From Seth Cohen comes a puzzle that lines up neatly:
Seth recently came across a phenomenon known as a "river”, where spaces between words diagonally align from one line of text to the next. The following text has an 11-line river in the middle—see if you can spot it!
Before getting to rivers, let’s figure out where spaces are likely to appear in the (fictional) Fiddlish language, which includes only three- and four-letter words. These words are separated by spaces, but there is no other punctuation.
Suppose a line of Fiddlish text is generated such that each next word has a 50 percent chance of being three letters and a 50 percent chance of being four letters.
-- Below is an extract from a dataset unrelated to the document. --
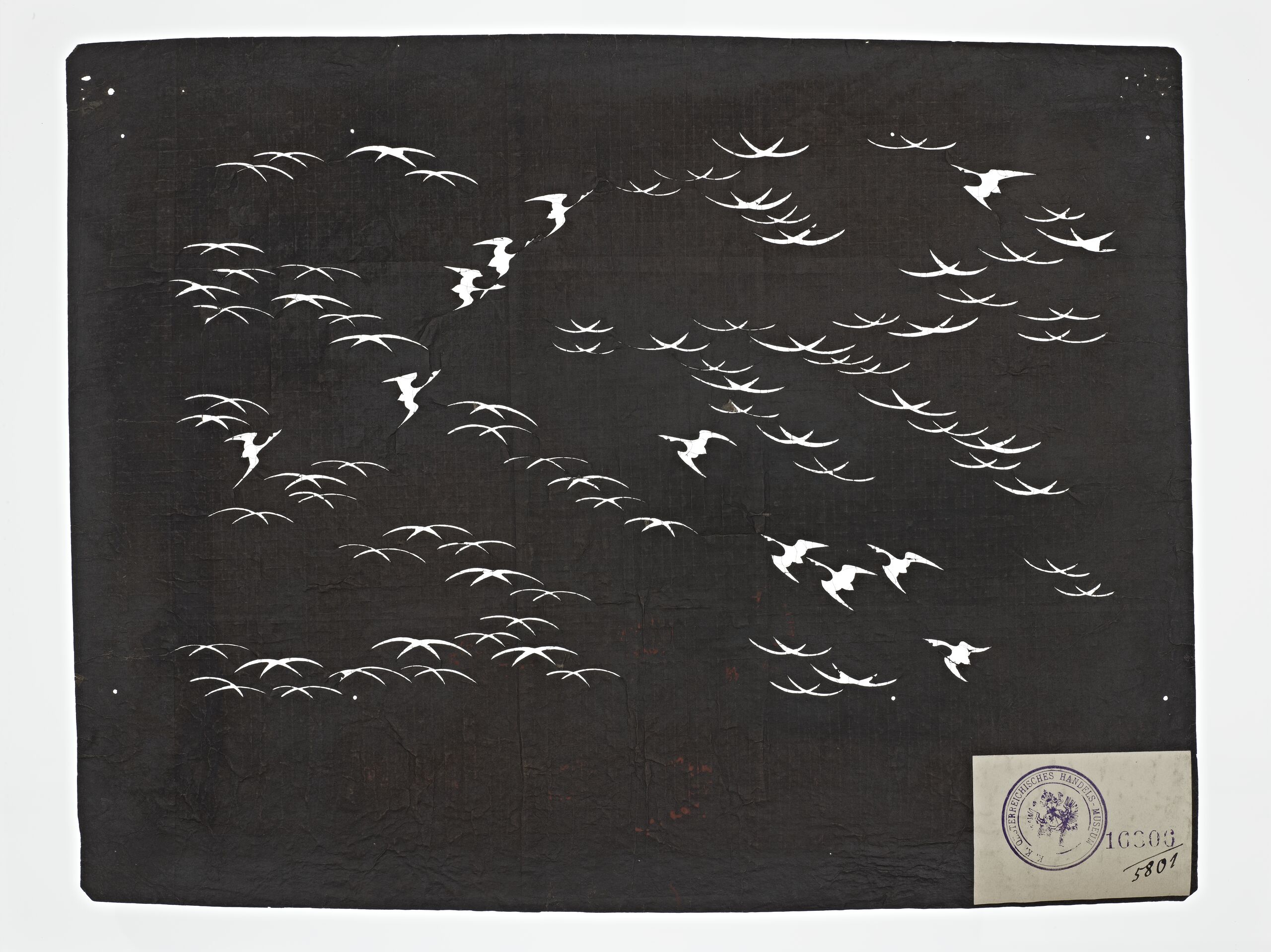 Färbeschablone (Katagami 型紙), Tiermuster (dōbutsu monyō 動物文様), Pflanzenmuster (shokubutsu monyō 植物文様): über Gräser fliegende Graugänse, Anonym, MAK Inv.nr. OR 3925-5801

Suppose a line has many, many, many words. What is the probability that any given character deep into the line is a space?
I solved a more general case. Consider a line where each word has a 50-50 chance of being $m$ or $n$ letters long, and each word is separated by exactly one space. In a line with many, many, many words, we can expect half the words to be $m$ letters long and half the words to be $n$ letters long.
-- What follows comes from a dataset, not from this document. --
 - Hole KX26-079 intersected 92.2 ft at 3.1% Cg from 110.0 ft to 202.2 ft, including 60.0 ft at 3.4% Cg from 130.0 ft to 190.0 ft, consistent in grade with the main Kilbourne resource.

It would be expected to have 2 spaces for every $m+n$ letters. The probability than any character is a space is :
$$\boxed{\frac{2}{m+n+2}}$$For $m=3$ and $n=4$,
$$\boxed{\frac{2}{9}}$$Now let’s look for some rivers of text!
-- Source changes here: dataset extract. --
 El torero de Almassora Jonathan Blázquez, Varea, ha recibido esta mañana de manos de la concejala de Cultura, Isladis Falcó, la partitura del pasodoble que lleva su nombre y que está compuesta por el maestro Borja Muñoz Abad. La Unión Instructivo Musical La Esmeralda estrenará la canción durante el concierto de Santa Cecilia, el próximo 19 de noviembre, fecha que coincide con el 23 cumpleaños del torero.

Fiddlish is written using a monospace font, meaning each character (including spaces) takes up the same amount of horizontal space. As before, lines of text are very, very long, and each next word has a 50 percent chance of being three letters and a 50 percent chance of being four letters. Each line begins with a new word (i.e., words at the end of a line are not hyphenated into the next line).
Suppose the 12th character of a specific line of text is a space. You want to know how long the river down and to the right from this space will be. For example, suppose the 13th character on the next line and the 14th character on the line after that are both spaces, but the 15th character on the very next line is not a space. In this case, the river would have a length of 3. (By this definition, the length of the river is always at least 1.)
On average, how long do you expect the resulting river from the given space (again, the 12th character in its line) to be?
The last character that is guaranteed to never be a space can also be solved generally. This aspect of the problem is identical to the Postage Stamp Problem or Chicken McNugget Problem.
Including the spaces, the $GCF(m+1, n+1) = 1$.
Evaluating $(m+1)(n+1) - (m+1) - (n+1) = mn-1$ for $m=3$ and $n=4$ yields $\boxed{11}$.
It is now known the given line with 12th character space is must be the start of the river.